:: Given records ::

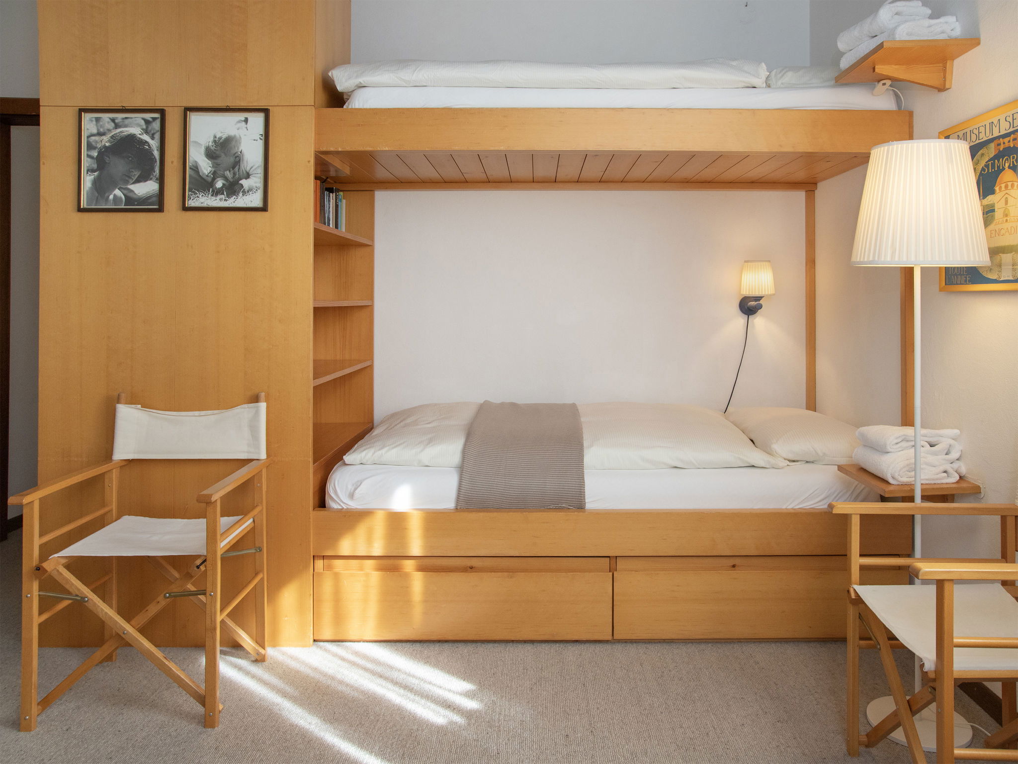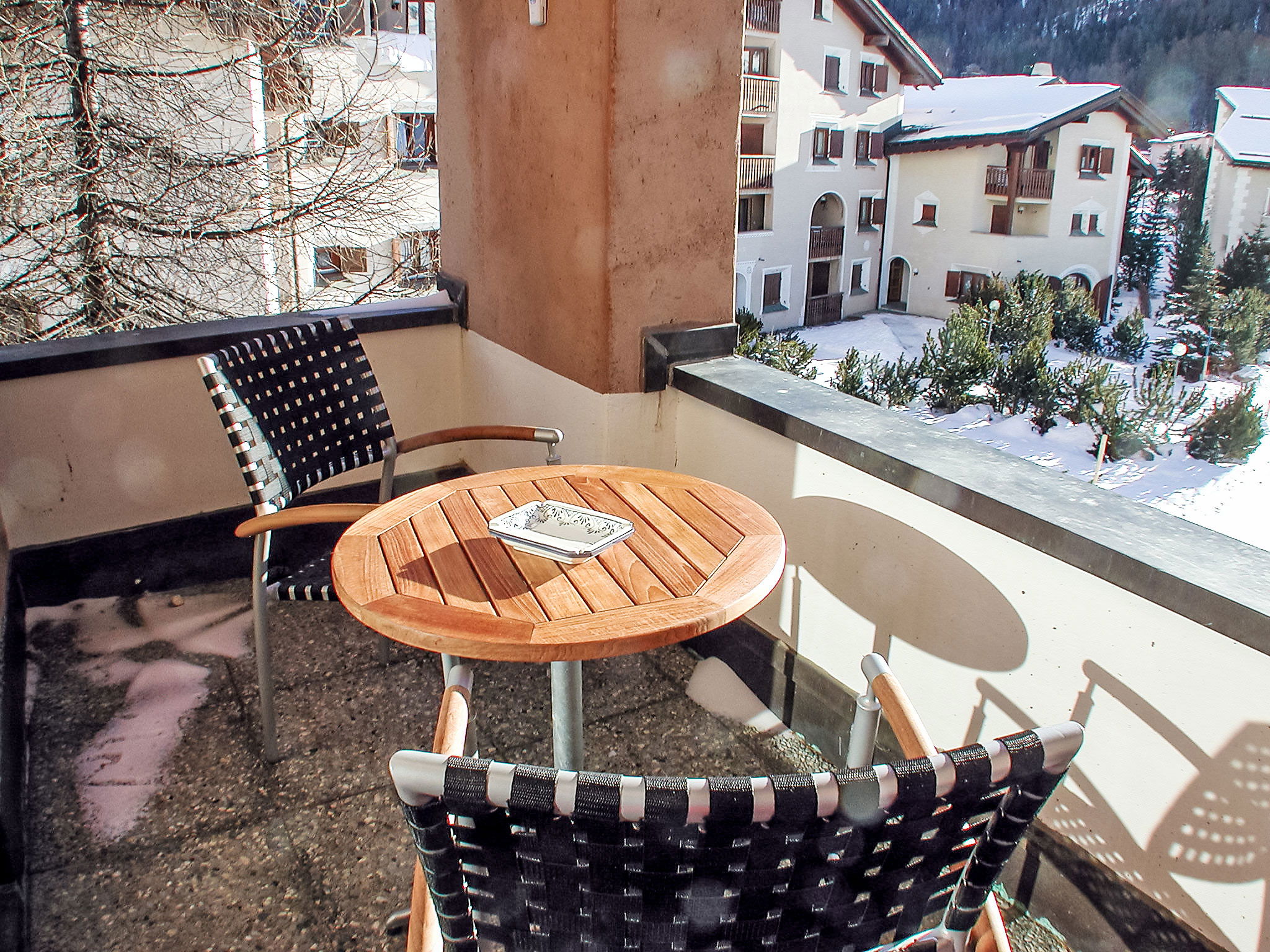 "Chesa Prasüra 10", 3-room apartment 80 m2, on the top floor. Very comfortable and cosy furnishings: living/dining room with open-hearth fireplace, TV and radio. Exit to the balcony, south facing position. 1 room with 1 double bed (1 x 160 cm, length 200 cm). 1 room with 2 beds (85 cm, length 180 cm), 1 x 2 bunk beds (85 cm, length 180 cm), bath/WC. Kitchen (4 hot plates, oven, dishwasher, toaster, kettle, electric coffee machine, Capsules for coffee machine (Nespresso) extra, raclette grill, fondue Set (chinoise)). Bath/WC. Small balcony. Terrace furniture. Partial view of the resort. Facilities: hair dryer. Internet (WiFi, free). Garage space n 68, height 230 cm, width 220 cm. Please note: suitable for families. Non-smokers only. Maximum 1 pet/ dog allowed. No lift.
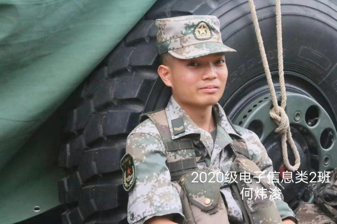 我叫何炜浚,是一名20年从部队里退役的大一新生。“当兵后悔两年,不当兵后悔一辈子”。这句话在当时感觉不到什么,但是回来之后才发现,当兵的这段日子,我真的学会了很多。在冰天雪地里打滚,在大雨中前行,在烈日底下操练;逆着风向前跑,跑土地,跑沙地,跑山地是我们的日常。虽然苦,却也在一点点的蜕变。从懒散到勤快,从向后缩到往前挺,在苦汗中逐渐变得刚毅。学会令行禁止,学会见机行事,敢做敢当。回到学校中,依然苦中作乐,迎着未知积极向前,做足计划面对难题,与宿舍,班集体共同努力,共同前行。
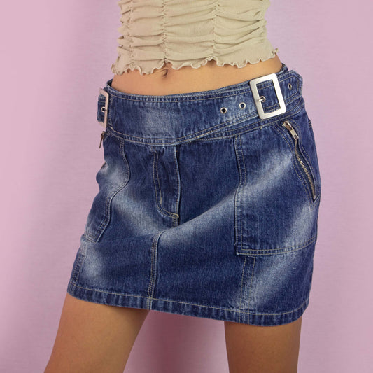 Vintage Y2K Denim Buckle Mid Rise Mini Skirt – Size M
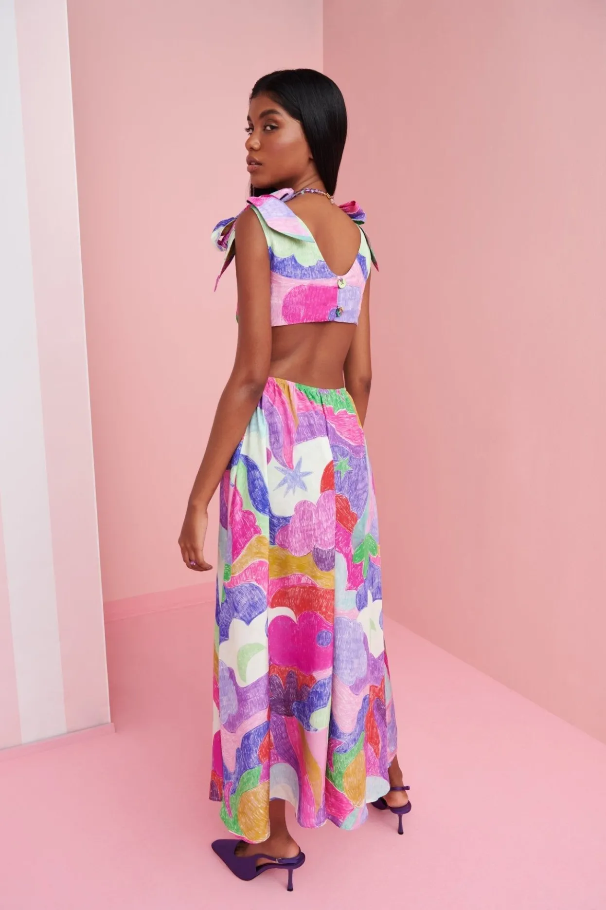With A Pink Cloud Themed Print, The Echoes Dress Is Perfect For An Ethereal Summer Event. The Adjustable Bow Straps, A Brand Staple, Paired With The Plunging V-Neck And Waist Cut-Outs Will Make Everyone Stare In Awe!
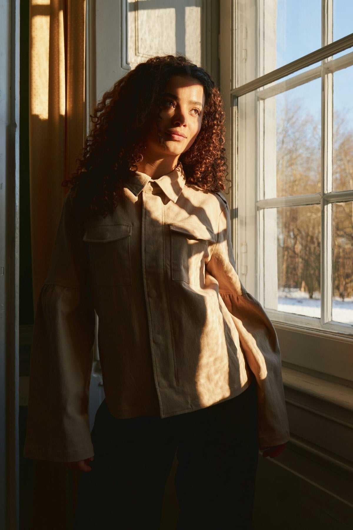 Sandfarbene Jacke von Neo Noir, gefertigt aus 90 % Baumwolle, 8 % Polyester und 2 % Elasthan. Die Jacke hat einen klassischen Hemdkragen, zwei Brusttaschen mit Patten und lange Ärmel mit Puffdetail an den Schultern.
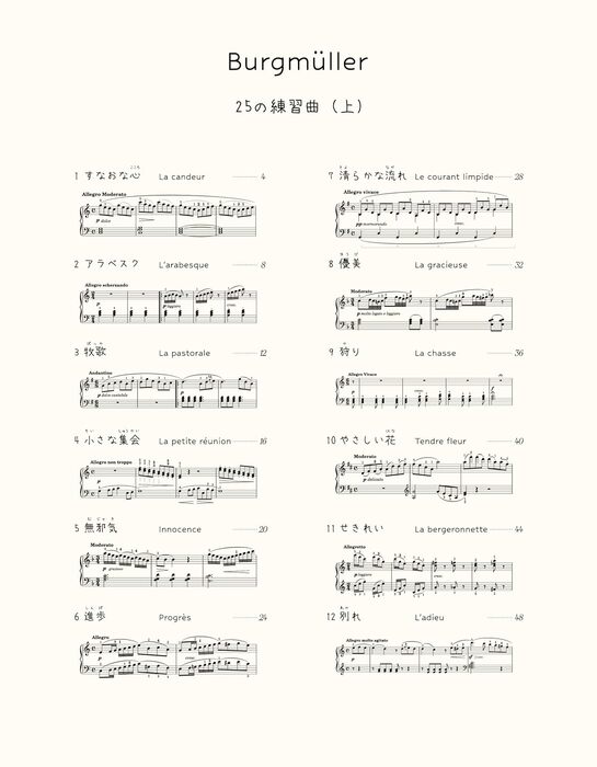 原典版を元に、初心者でも使いやすく工夫された楽譜と、楽しみながら練習できる課題ページがセットになりました。ブルグミュラーコンクール指定の繰り返し表記を採用した、見やすい大判楽譜です。ブルグミュラー25の練習曲から、1~12番を掲載しています。
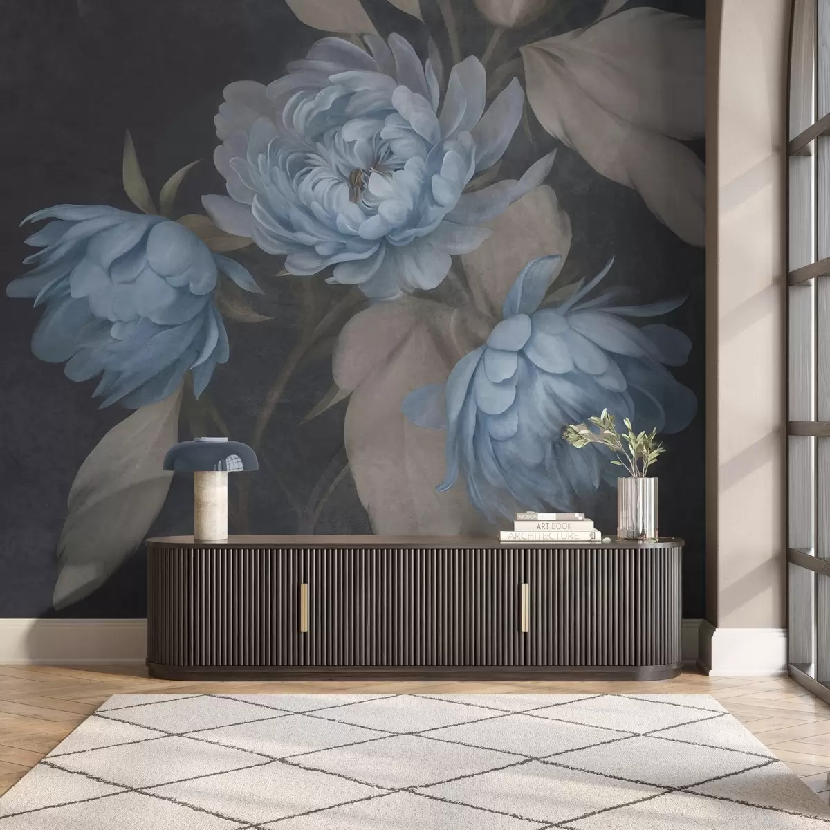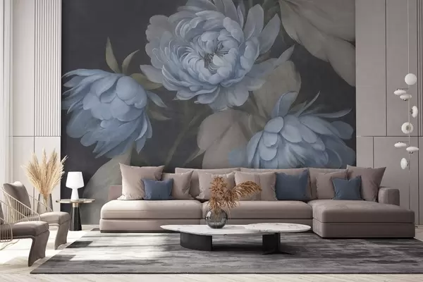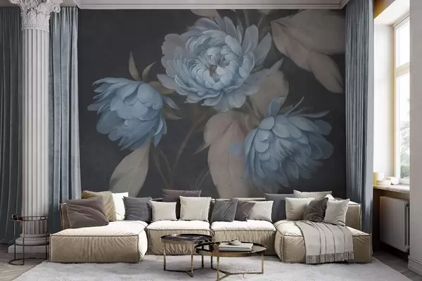 Murais de parede Flores de peônia azul-claro com textura e folhas bege sobre um fundo escuro Nr. w09751
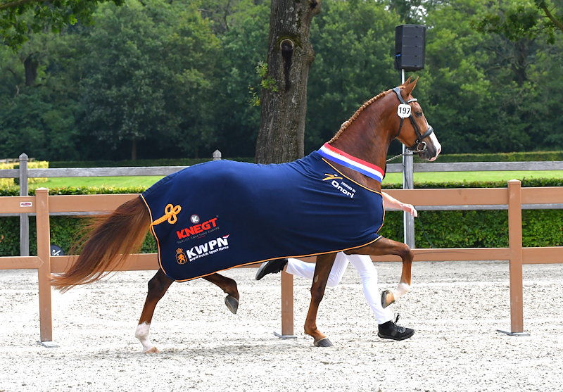 Pleasure (by Kardieno) out of elite mare Wodine (by Larix). A mare with much flair and excellent leg technique, moving uphill and always in the correct posture. She was bred by father and daughter, Chris and Heleen de Bruijn from Wijk bij Duurstede. Marloes van der Velden explained the jury's choice: “This mare fits well within the Gelder horse type, a modern mare with beautiful leg technique. In motion, she also shows a lot of body use, and she can step very nicely.” Chris commented, “She presented herself very well, but it all has to come together in the ring. We didn't dare to expect this, but we certainly hoped for it, and it turned out well!”
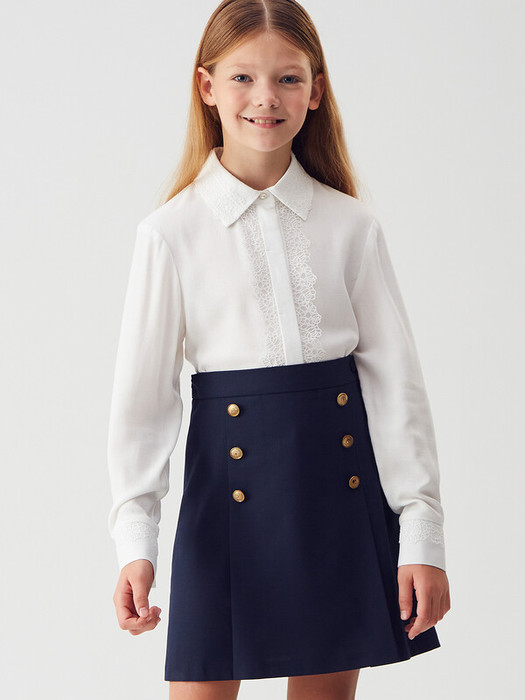 Романтичная блузка из вискозы полуприлегающего силуэта с кружевом на воротнике , по передней части изделия и на манжетах. Вискоза обеспечивает отличную воздухопроницаемость и комфорт в повседневной носке. Отличное решение для создания романтичных образов маленькой модницы. "
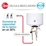 Los termos murales Rheem son durables y seguros. Su esmalte Zafiro Xpand de baja adherencia al sarro protege el tanque interno y las resistencias de acero inoxidable, alargando la vida útil del termo eléctrico. Cuenta además con ánodo de magnesio resistido AR Protect X4, sistema electroestático que atrae partículas de magnesio a las paredes internas del tanque, evitando su deterioro y aumentando su vida útil.
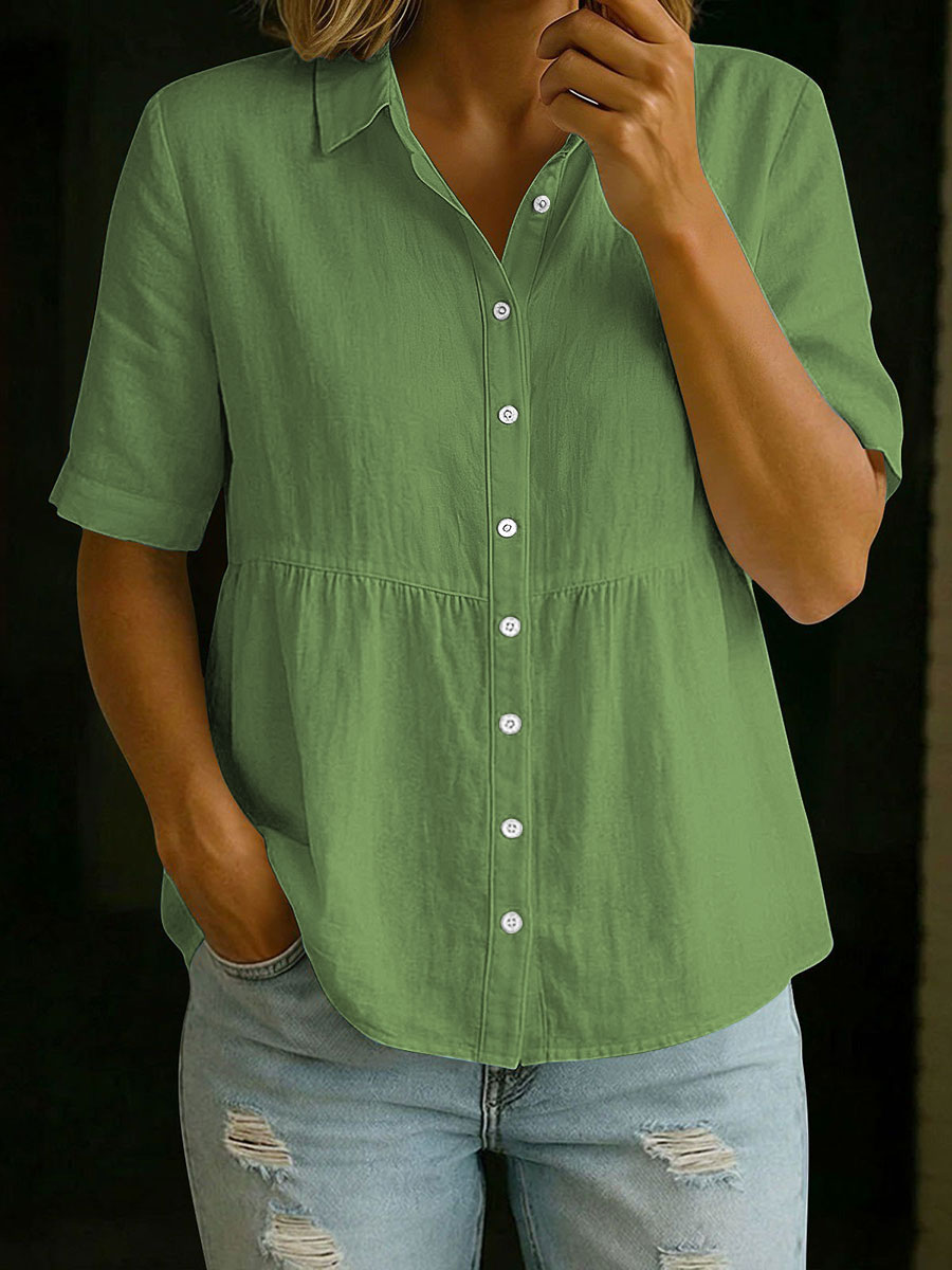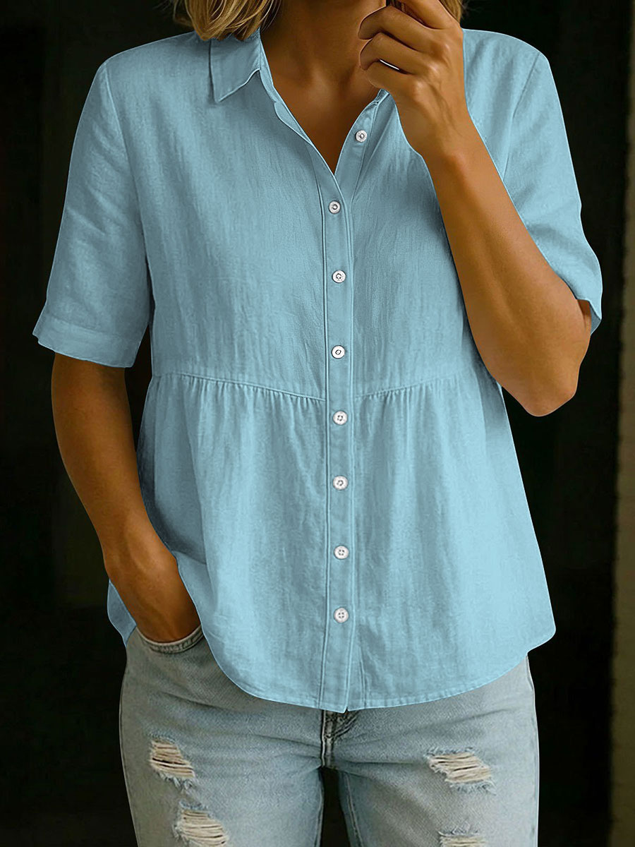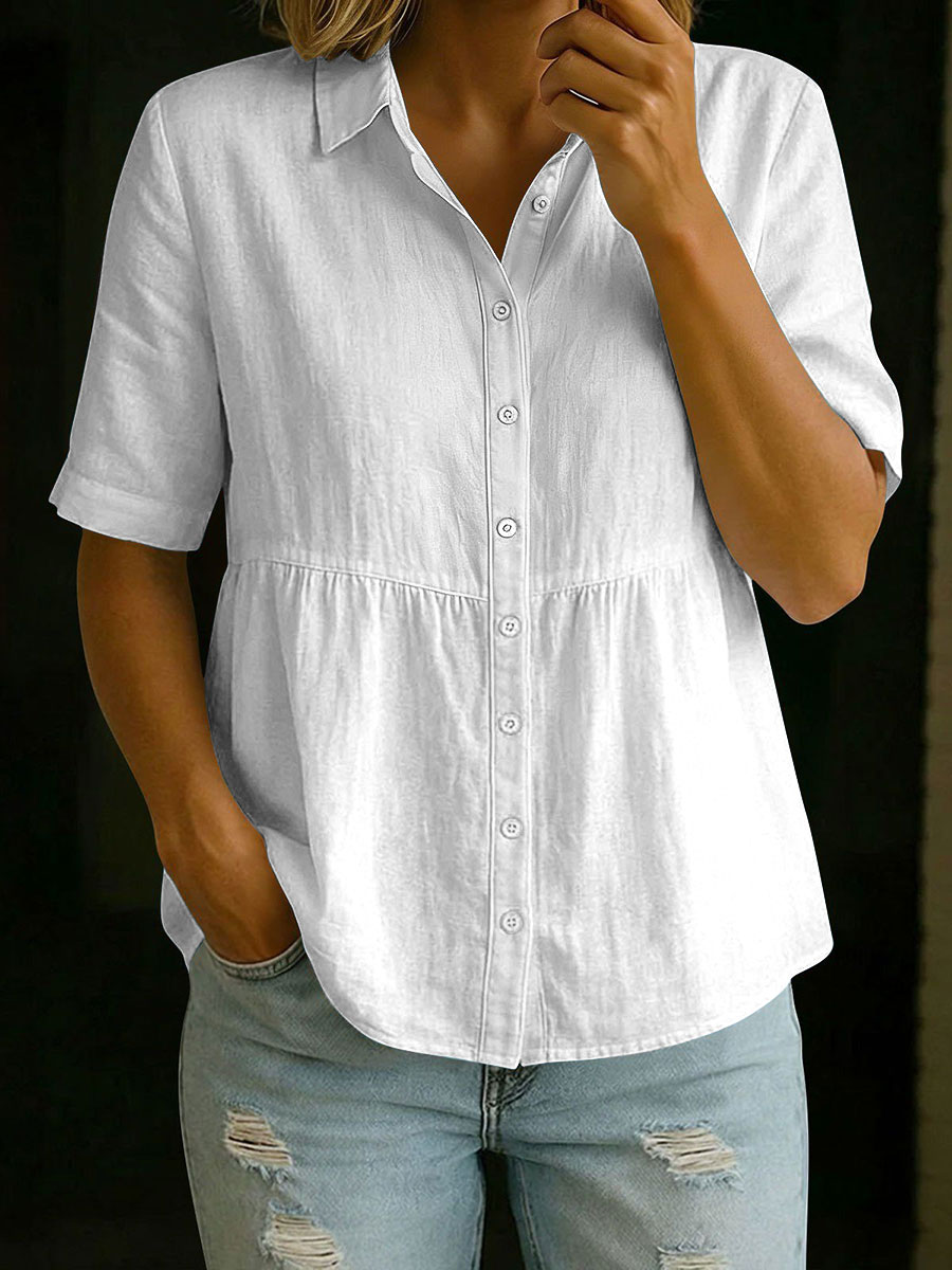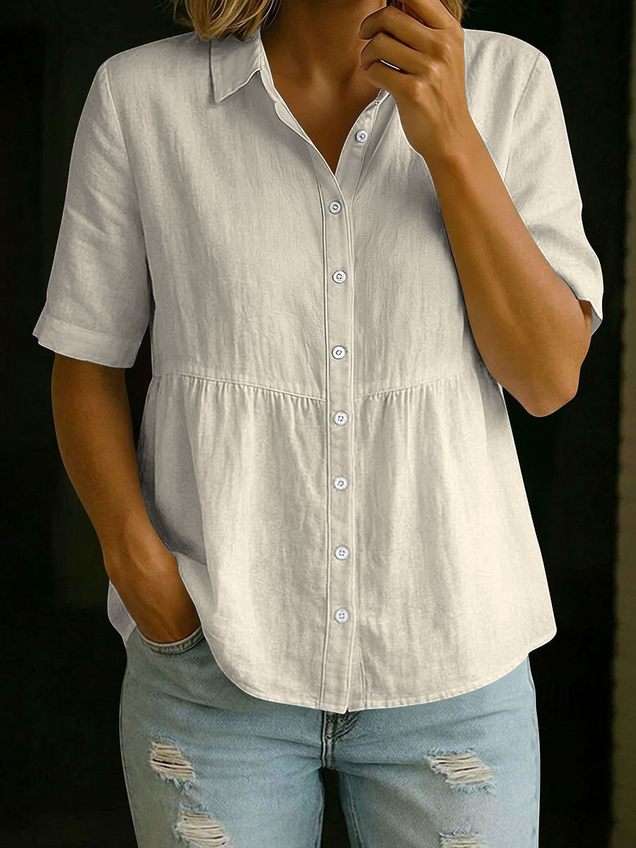 Camisa de manga corta de algodón y lino para mujer

:::

(To do)
What you return from the records above should be exactly everything from the line with "With A Pink" down to the line with "Murais de parede", both kept, and no pictures.

(Task response)
With A Pink Cloud Themed Print, The Echoes Dress Is Perfect For An Ethereal Summer Event. The Adjustable Bow Straps, A Brand Staple, Paired With The Plunging V-Neck And Waist Cut-Outs Will Make Everyone Stare In Awe!
 Sandfarbene Jacke von Neo Noir, gefertigt aus 90 % Baumwolle, 8 % Polyester und 2 % Elasthan. Die Jacke hat einen klassischen Hemdkragen, zwei Brusttaschen mit Patten und lange Ärmel mit Puffdetail an den Schultern.
 原典版を元に、初心者でも使いやすく工夫された楽譜と、楽しみながら練習できる課題ページがセットになりました。ブルグミュラーコンクール指定の繰り返し表記を採用した、見やすい大判楽譜です。ブルグミュラー25の練習曲から、1~12番を掲載しています。
 Murais de parede Flores de peônia azul-claro com textura e folhas bege sobre um fundo escuro Nr. w09751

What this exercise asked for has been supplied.